University College Bedër
- Motto: Në emër të vlerave! / In name of values!
- Type: Private. Study levels offered: Bachelor, Master
- Established: April 6, 2011
- Endowment: Financed by the Muslim Community of Albania
- Rector: Prof. Dr. Gjergj Sinani
- Academic staff: less than 50
- Students: less than 1000
- Location: St. "Jordan Misja", periphery of Tirana, Albania
- Campus: Suburban building
- Affiliations: Outside Albania: University of Vienna University several universities in Turkey
- Website: www.beder.edu.al

= Bedër University =

University in Albania

University College Bedër (Kolegji Universitar Bedër) is a private non-profit university in Tirana, Albania. It was established in 2011 by the Muslim Community of Albania, thus completing the education cycle started with the reopening of the madrasas in 1991.

At the Webometrics Ranking of World Universities, Beder University is ranked as the fifth university in Albania.

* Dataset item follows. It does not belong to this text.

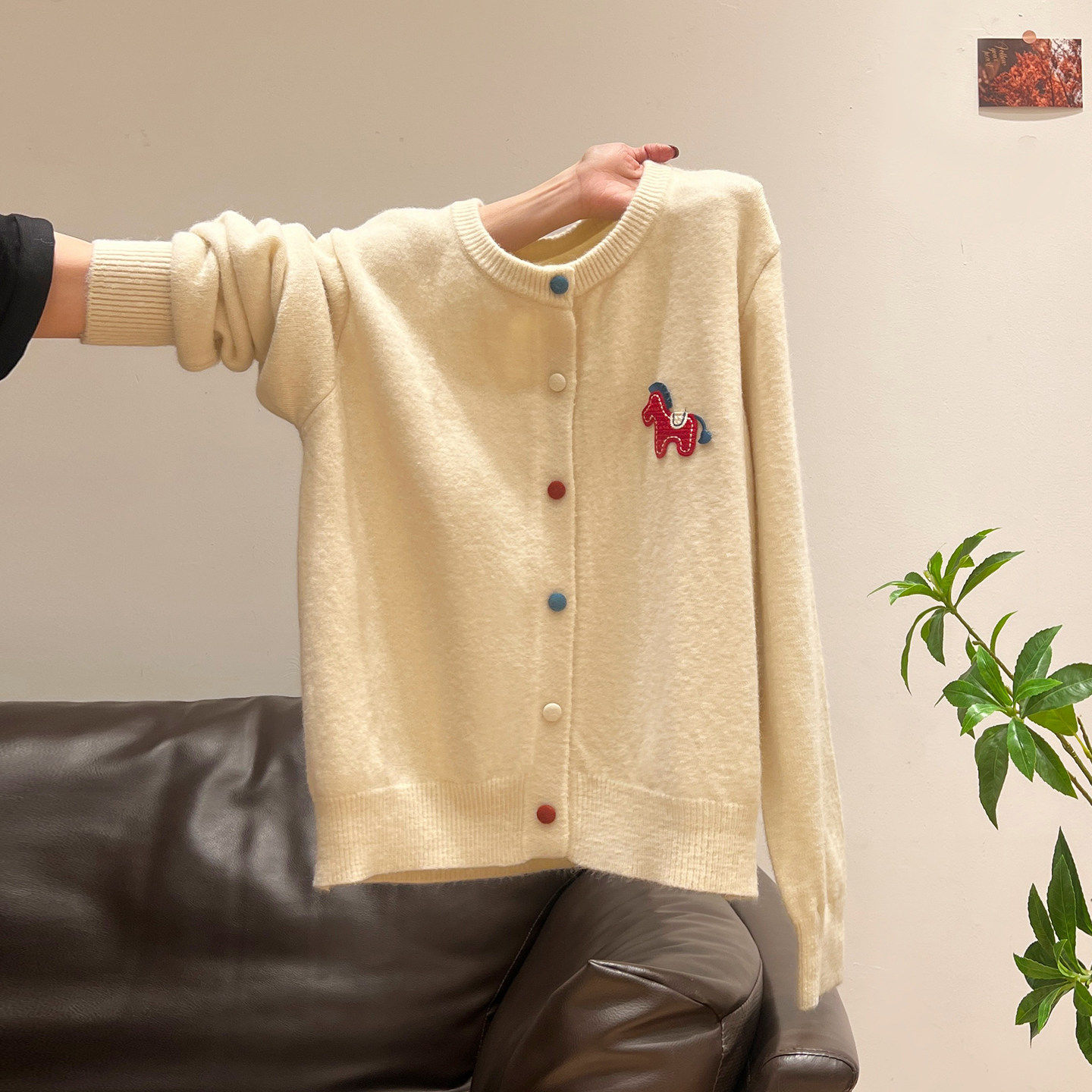 红色圣诞长袖针织开衫刺绣毛衣外套冬季新款慵懒高级感加厚上衣女
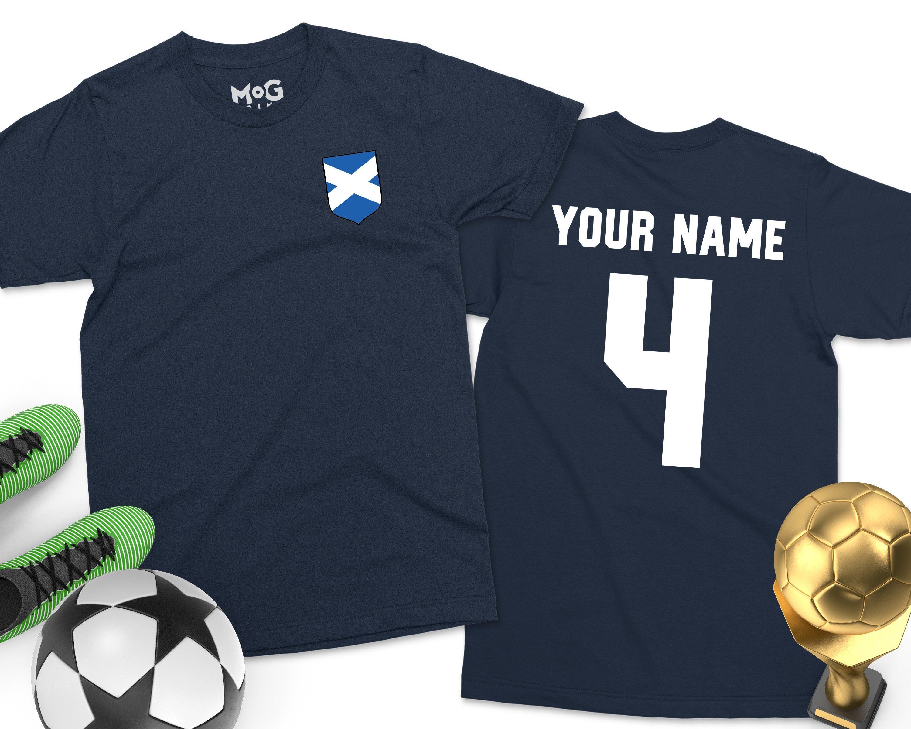Scotland Football T-shirt Scottish Soccer Personalised Name Sport Tee

BU is a coed institution. It offers Bachelor, Master of Science and Professional master's degrees in English and Albanian. Two bachelor programs are 100% English. On June 3 of 2013 Beder signed a Memorandum of Understanding with University of Tirana. They have started the construction of their modern campus in Sauk.

The current rector is Prof. Dr. Gjergj Sinani.